# Note to self:  If I make a video calling out my black Soldiers, DON'T post it on Facebook....



## Ooh-Rah (Jan 30, 2018)

Well played Sergeant. I'm certain you will now get the respect you seek....

Dumbass.

Air Force technical sergeant removed for racially charged video rant

*NSFW* - Language


----------



## Stretcher Jockey (Jan 30, 2018)

Yeah this is the kind of shit you keep to yourself. Make some corrections one on one behind closed doors, but a racially charged FaceBook post while displaying your nametape? Karma is a bitch. Zero sympathy here


----------



## MilkTruckCoPilot (Jan 30, 2018)

You can't lock em up or make them push in the Air Force?


----------



## Marauder06 (Jan 30, 2018)

If you're that ineffective of a leader you shouldn't be out in front of troops anyway.  Fired.


----------



## DA SWO (Jan 30, 2018)

She was running the gym at Nellis (was being the optimum word here).
How fucking hard is that, though I wouldn't be surprised that the Cat III's she working with were/are entitled bitches (you don't put it on Facebook), hop she enjoys that TSgt retirement check.


----------



## AWP (Jan 30, 2018)

MilkTruckCoPilot said:


> You can't lock em up or make them push in the Air Force?



I've had several AF NCOs complain to me that you can't make airmen push or place them on "corrective" details. Maybe this is just for those 2 units, maybe it is AF wide...I have no idea. Unit leadership, AF leadership....no clue. I know it is being done (or not done in this case), but I don't know how widespread the problem.

Protips for all:
- Don't wear your uniform when you're ranting.
- Don't show your face if you're going to bitch about work.
- Better still, don't do it on an open platform like Facebook.
- Don't talk about a lack of respect when you sound like a retard. We all have bad moments when communicating, but she came across as a semi-educated whinge factory.
- If you work in Services, this is a field not known for hard chargers...so expect a dumpster fire.
- Are you the victim or are you the problem?

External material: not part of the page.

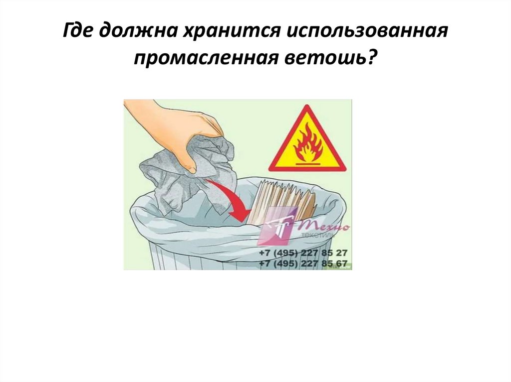 ветоши, опасность возгорания и нанесения вреда экологии,

I'll guess "both" in this case though your percentages may vary.
- ShadowSpear would like to introduce our next Admin! Give her a warm round of applause!!!!!! First assignment, clean up the Trump thread.


----------



## Evans (Jan 31, 2018)

MilkTruckCoPilot said:


> You can't lock em up or make them push in the Air Force?


Unfortunately no....and it's terrible. Instead we rely on giving the member paperwork that is either ineffective or has the potential to follow them far longer than it needs to and bites a good troop in the ass later on. 

In regards to the original post of the dumbass posting rants on social media, at what point do we pull the use of social media? it seems like no matter how many time we make an example of the last person to get in trouble, people still post stupid things. Do we just need another briefing? That may be what it is, we don't have a quarterly Facebook SOP briefing. Waiting on that to happen, I'm sure it'll fix everything...


----------



## Florida173 (Jan 31, 2018)

Evans said:


> at what point do we pull the use of social media?



To save people from themselves? Meh.. Is the Air Force better off without this airmen?


----------



## Gunz (Jan 31, 2018)

Stupid should hurt.


----------



## Evans (Jan 31, 2018)

Florida173 said:


> To save people from themselves? Meh.. Is the Air Force better off without this airmen?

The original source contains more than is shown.